Keep every word of the listing and reproduce it exactly, but set aside any image found there.

**Provided data**.
==*==

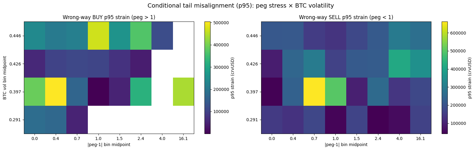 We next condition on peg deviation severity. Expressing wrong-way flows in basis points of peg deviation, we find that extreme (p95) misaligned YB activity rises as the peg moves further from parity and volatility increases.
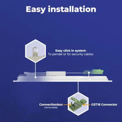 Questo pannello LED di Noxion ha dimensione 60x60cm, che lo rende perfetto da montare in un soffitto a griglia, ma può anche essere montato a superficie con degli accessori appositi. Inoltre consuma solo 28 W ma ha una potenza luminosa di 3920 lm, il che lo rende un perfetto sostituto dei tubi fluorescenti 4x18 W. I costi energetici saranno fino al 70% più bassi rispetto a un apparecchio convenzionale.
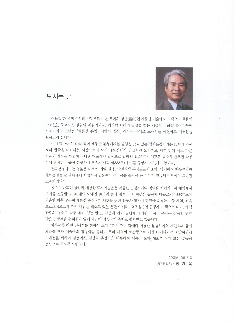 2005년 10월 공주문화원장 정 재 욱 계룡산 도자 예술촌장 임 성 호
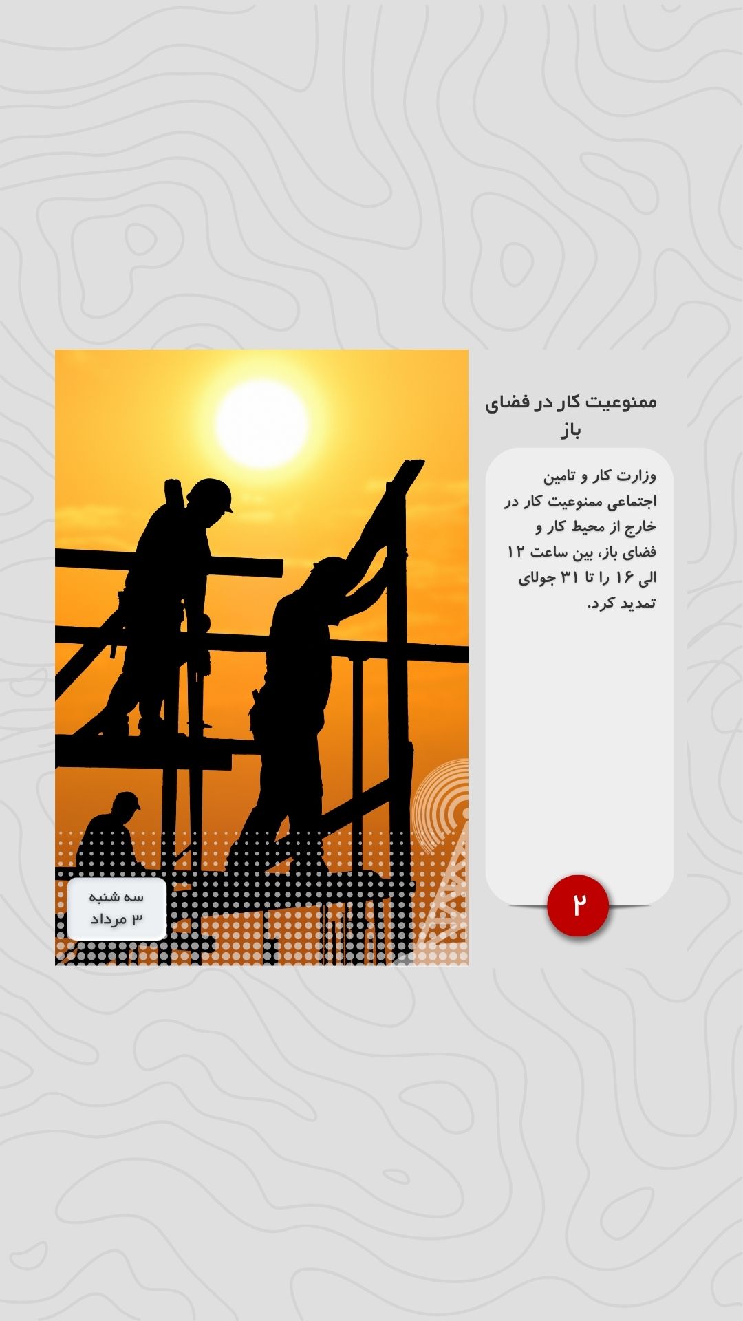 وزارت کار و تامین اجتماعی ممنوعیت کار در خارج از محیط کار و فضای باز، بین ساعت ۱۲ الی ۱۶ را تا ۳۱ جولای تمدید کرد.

==*==

**Exercise solution**.
 We next condition on peg deviation severity. Expressing wrong-way flows in basis points of peg deviation, we find that extreme (p95) misaligned YB activity rises as the peg moves further from parity and volatility increases.
 Questo pannello LED di Noxion ha dimensione 60x60cm, che lo rende perfetto da montare in un soffitto a griglia, ma può anche essere montato a superficie con degli accessori appositi. Inoltre consuma solo 28 W ma ha una potenza luminosa di 3920 lm, il che lo rende un perfetto sostituto dei tubi fluorescenti 4x18 W. I costi energetici saranno fino al 70% più bassi rispetto a un apparecchio convenzionale.
 2005년 10월 공주문화원장 정 재 욱 계룡산 도자 예술촌장 임 성 호
 وزارت کار و تامین اجتماعی ممنوعیت کار در خارج از محیط کار و فضای باز، بین ساعت ۱۲ الی ۱۶ را تا ۳۱ جولای تمدید کرد.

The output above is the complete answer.